▶ [What this task involves]
Pictures stay out of the copy. Transcribe exactly, and only, the line with "El empuje de" through the last line of the entries below.
BEGIN Exercise input
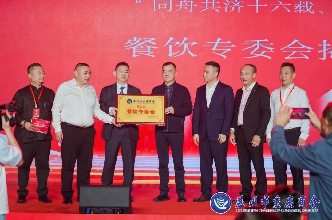 庆典上,温州市重庆商会会长、餐饮专委会主任刘小林、温州市饭店与餐饮行业协会会长黄素武共同为“温州市重庆商会餐饮专委会”揭牌。
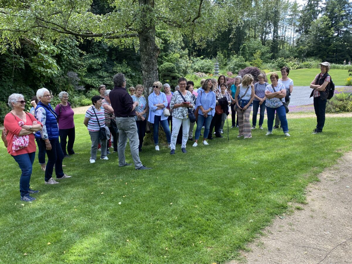 Für den Nachmittag war der Nepal-Himalaya-Park bei Wiesent, ein Ort an dem sich Kultur und Natur auf das Innigste verbindet, angesagt. Vorher stärkte sich die Gruppe mit einer herzhaften und süßen Brotzeit am Bus. Bei einer Führung durch den Garten, der nach Lebensbereichen angelegt ist, erfuhren die Teilnehmer, dass inzwischen mehr als 6200 verschiedene Pflanzenarten wachsen. Viel zu kurz war die Zeit, um die Blütenpracht zu bewundern oder im Pavillon zu meditieren.
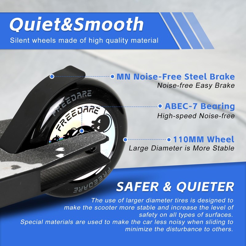 - 【SMOOTH & LIGHTWEIGHT】FREEDARE stunt scooter is 8 lbs and equipped with IHC compression headset system, durable high-resilience 110mm PU wheels and sealed with ABEC-7 bearings, making your ride sleek, smooth and fast without noises. The flexible nylon/MN steel rear braking mechanism works efficiently also.
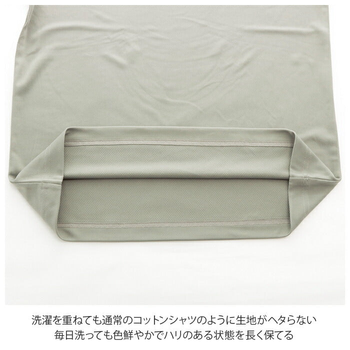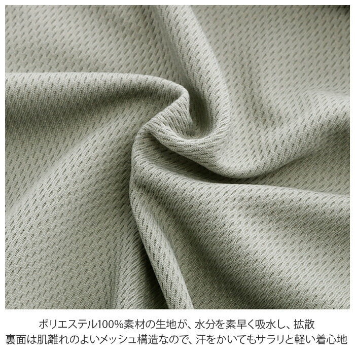 ・ポリエステル100%素材の生地が、水分を素早く吸水し、拡散。裏面は肌離れのよいメッシュ構造なので、汗をかいてもサラリと軽い着心地。
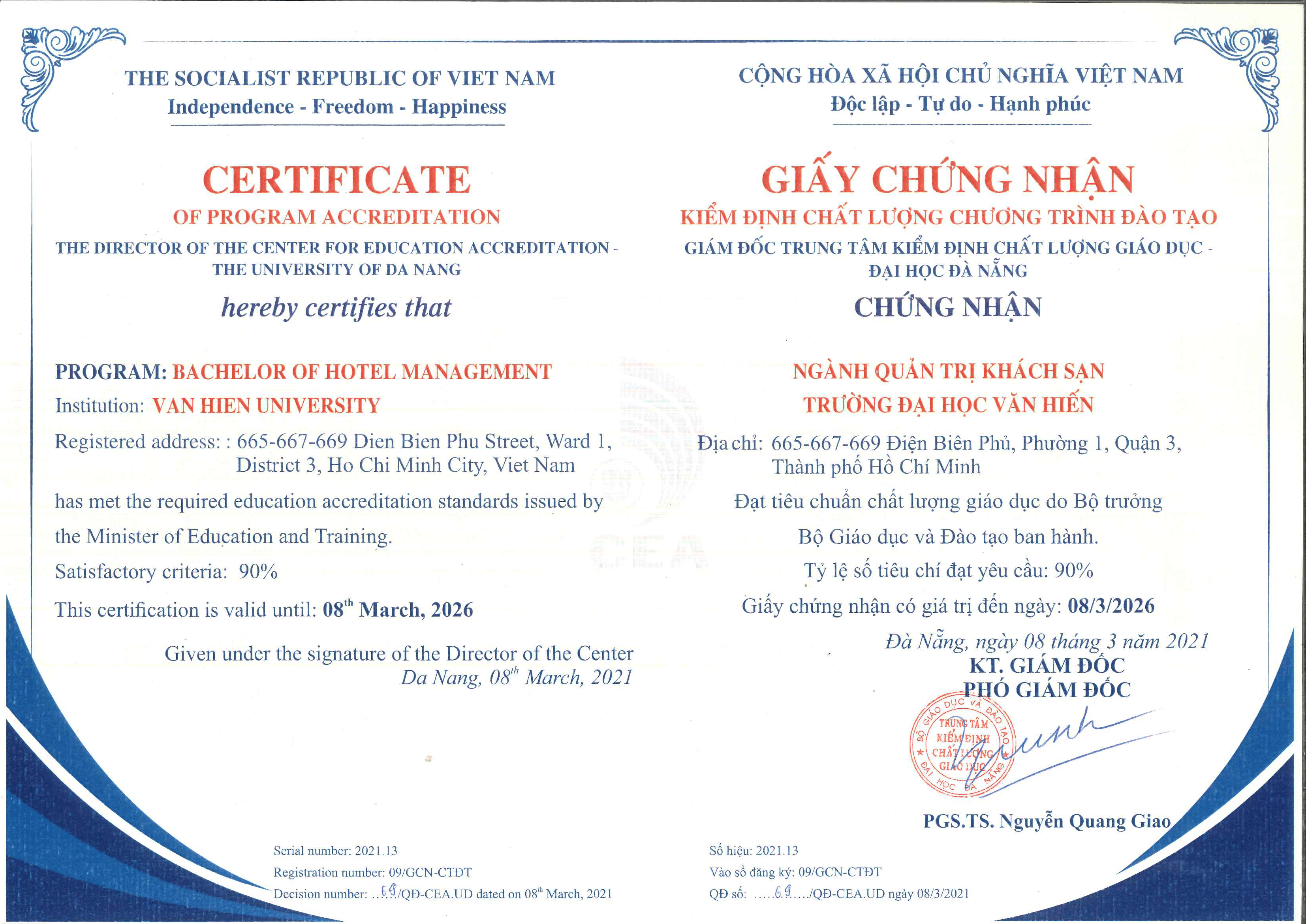 根据第69/QĐ-CEA.UD号决定,酒店管理本科专业的培养方案已全面符合教育与培训部颁布的教育质量标准,其中90%的评估指标达到要求。该认证充分肯定了文献大学酒店管理专业在教学质量、课程建设及人才培养方面所取得的突出成就。
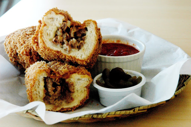 Then, the first of The Cheese Steak Shop's new dishes arrived. The Fried Cheese Steak with Pizza Sauce (7" P 320/10" P 520/15" P 850), the original cheesesteak, deep-fried. Coated in batter and bread crumbs, the whole roll is then submerged and deep-fried until golden brown. Surprisingly, the roll isn't too oily, with each bite delivering a delicious crunch. The melted cheese, onions and grilled steak contrasts with the crisp outer layer, definitely a unique twist on the Philly Cheesesteak. Pour some rich pizza sauce, add some sweet and hot peppers for a burst of flavors. Seriously good.
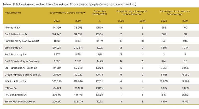 Tegoroczne zestawienie ilustruje kontynuację trendu zwiększania bankowych zobowiązań wobec klientów. Żaden nie odnotował spadku wartości depozytów klientowskich. Natomiast cztery zwiększyły tą pozycję o ponad 10%. Były to kolejno: Bank Spółdzielczy w Brodnicy, Santander Bank Polska, Bank Pekao i Bank Pocztowy. Średnia dynamika dla wszystkich analizowanych podmiotów wyniosła 7,6%. Warto zwrócić uwagę, że choć jeszcze w ubiegłym roku była ona zdecydowanie niższa niż w przypadku całego sektora bankowego, to tym razem jest zbliżona. Według danych publikowanych na stronach Komisji Nadzoru Finansowego, roczny wzrost wartości tej pozycji we wszystkich bankach działających na polskim rynku wyniósł ok. 7,8%,
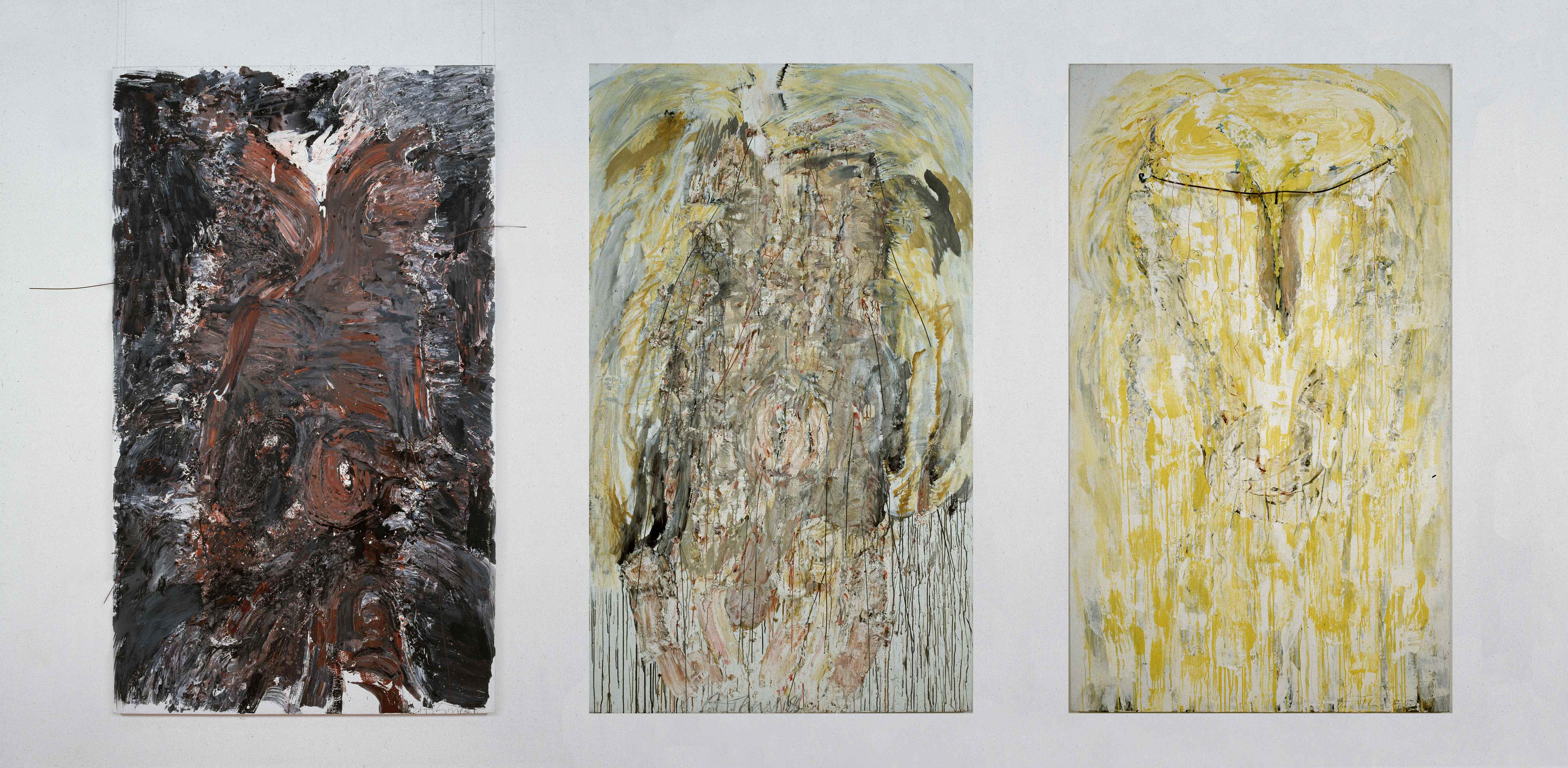 Gerhard Hoehme (1920-1989), Sebastianlegende, 1986/87, Triptychon, Acryl auf Leinen, Assemblage, je 240 x 140 cm, © Heinz Feußner, Hamm
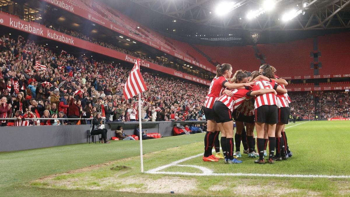 El empuje de San Mamés no fue suficiente. En la imagen las rojiblancas celebran su único gol del partido
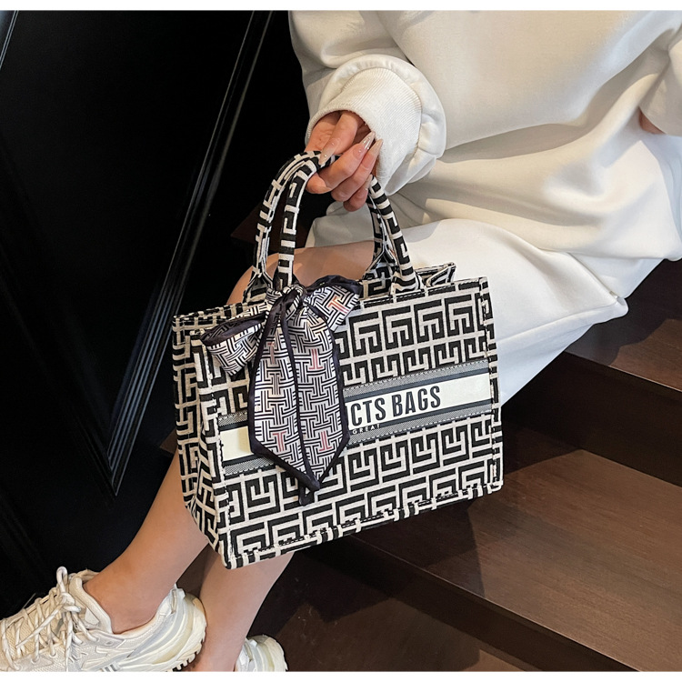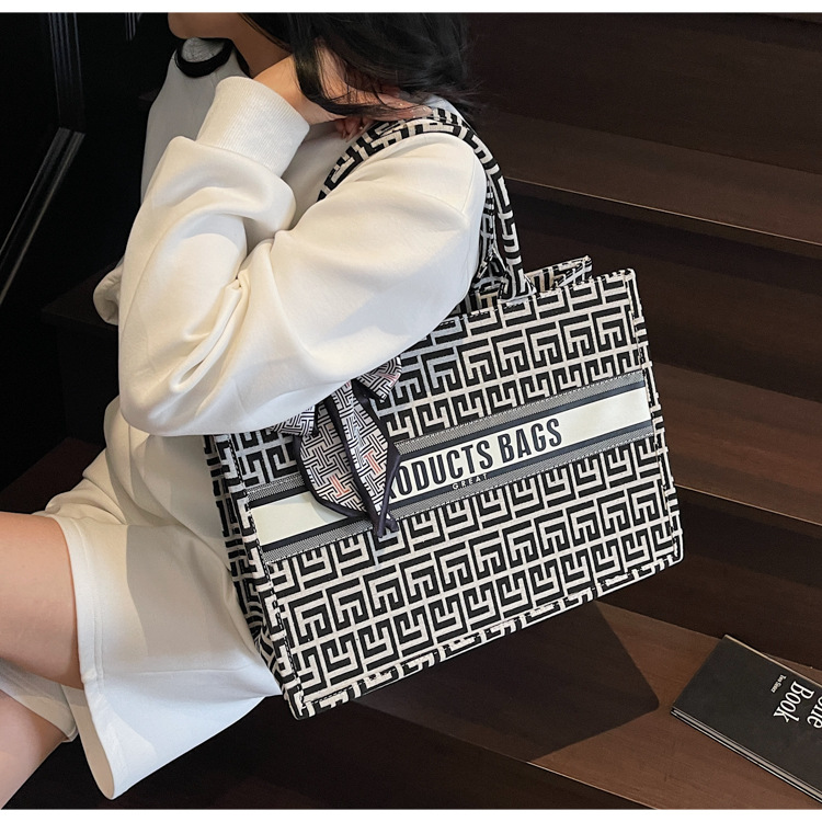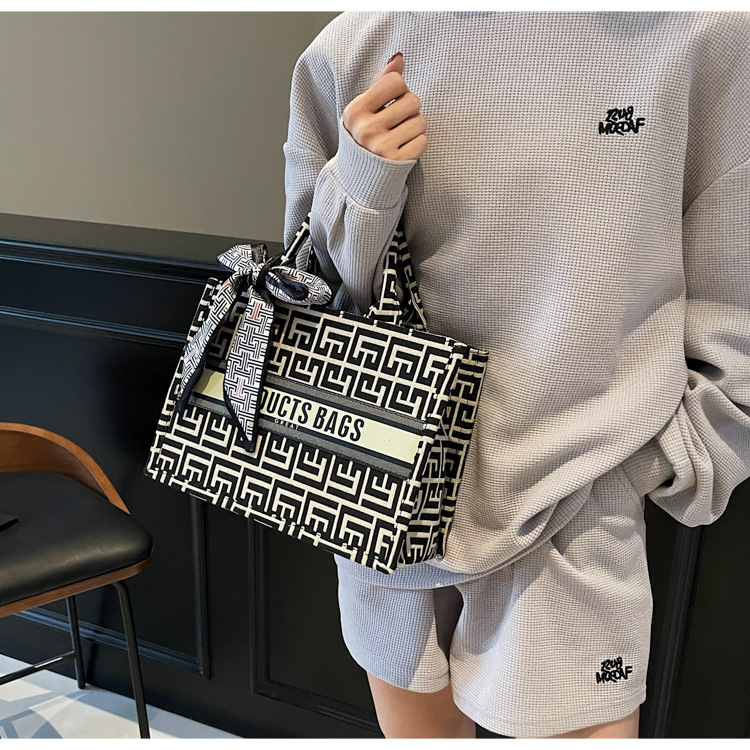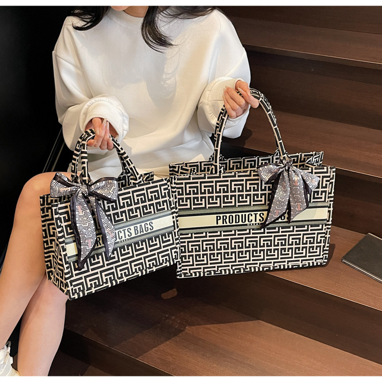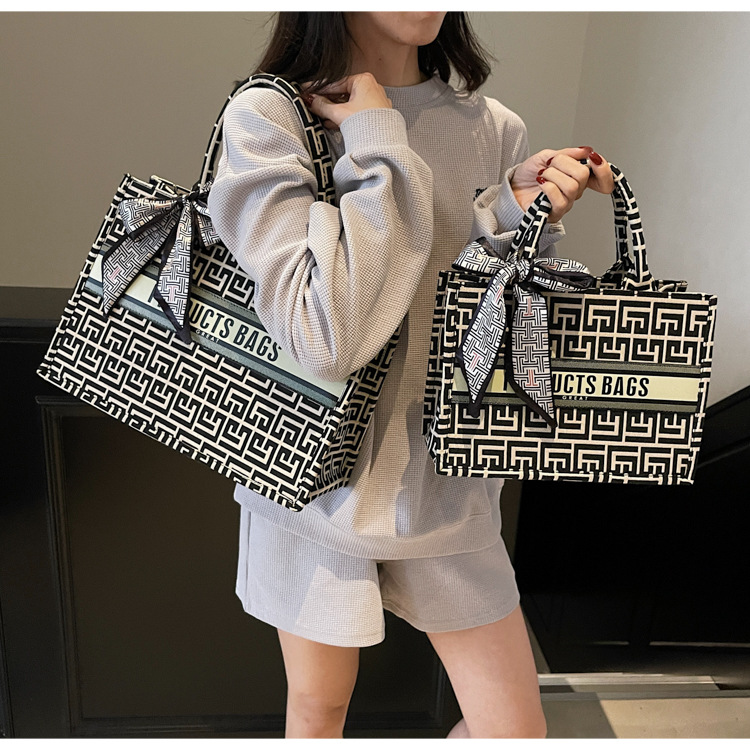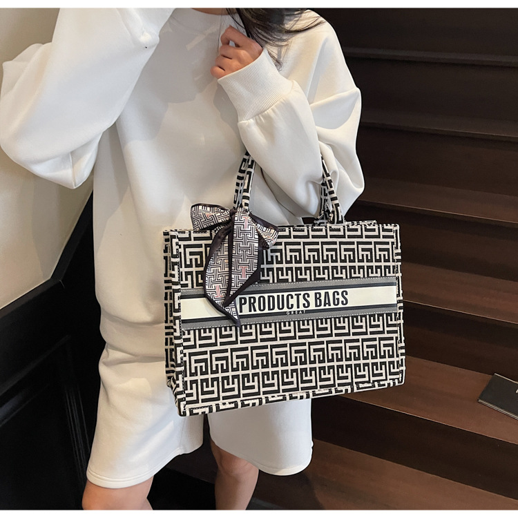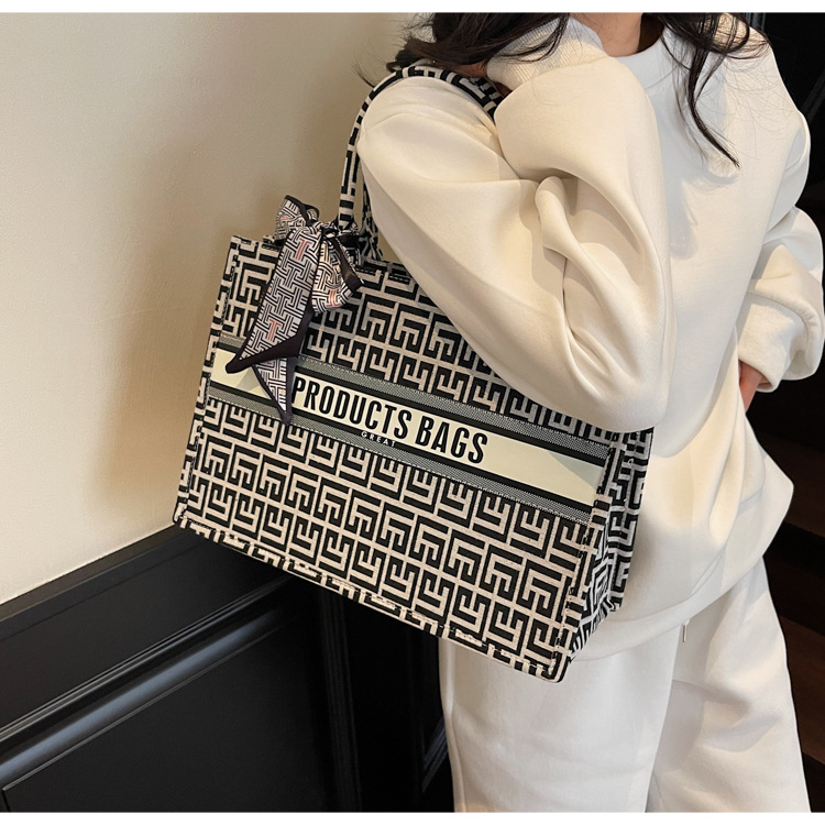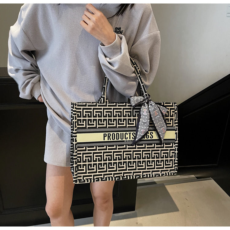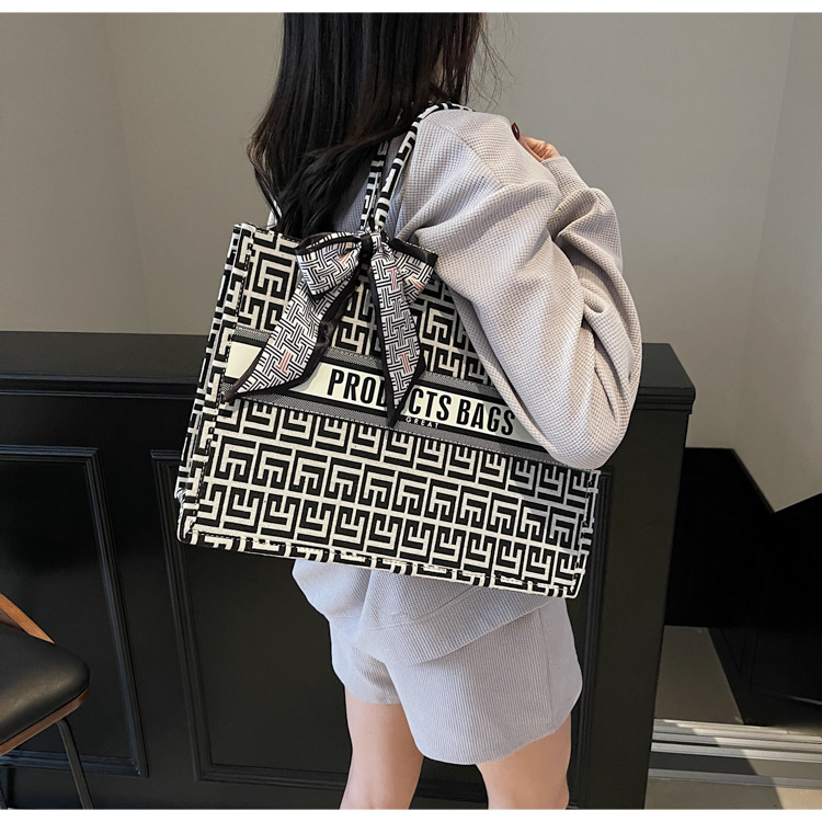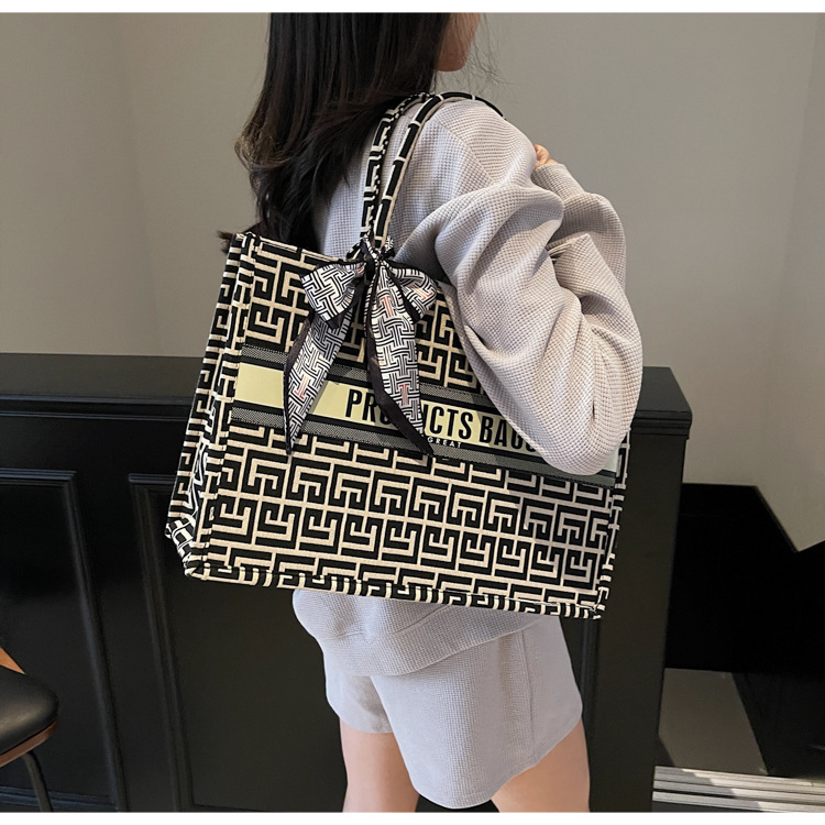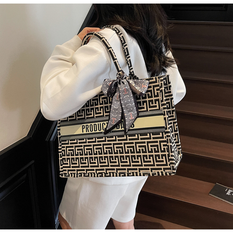 유럽과 미국의 여성용 대형 가방 새로운 유행 패션 캔버스 인쇄 대용량 어깨 겨드랑이 가방 다용도 휴대용 토트 백스토어 가기
END Exercise input
▶ [Expected output]
 El empuje de San Mamés no fue suficiente. En la imagen las rojiblancas celebran su único gol del partido
 유럽과 미국의 여성용 대형 가방 새로운 유행 패션 캔버스 인쇄 대용량 어깨 겨드랑이 가방 다용도 휴대용 토트 백스토어 가기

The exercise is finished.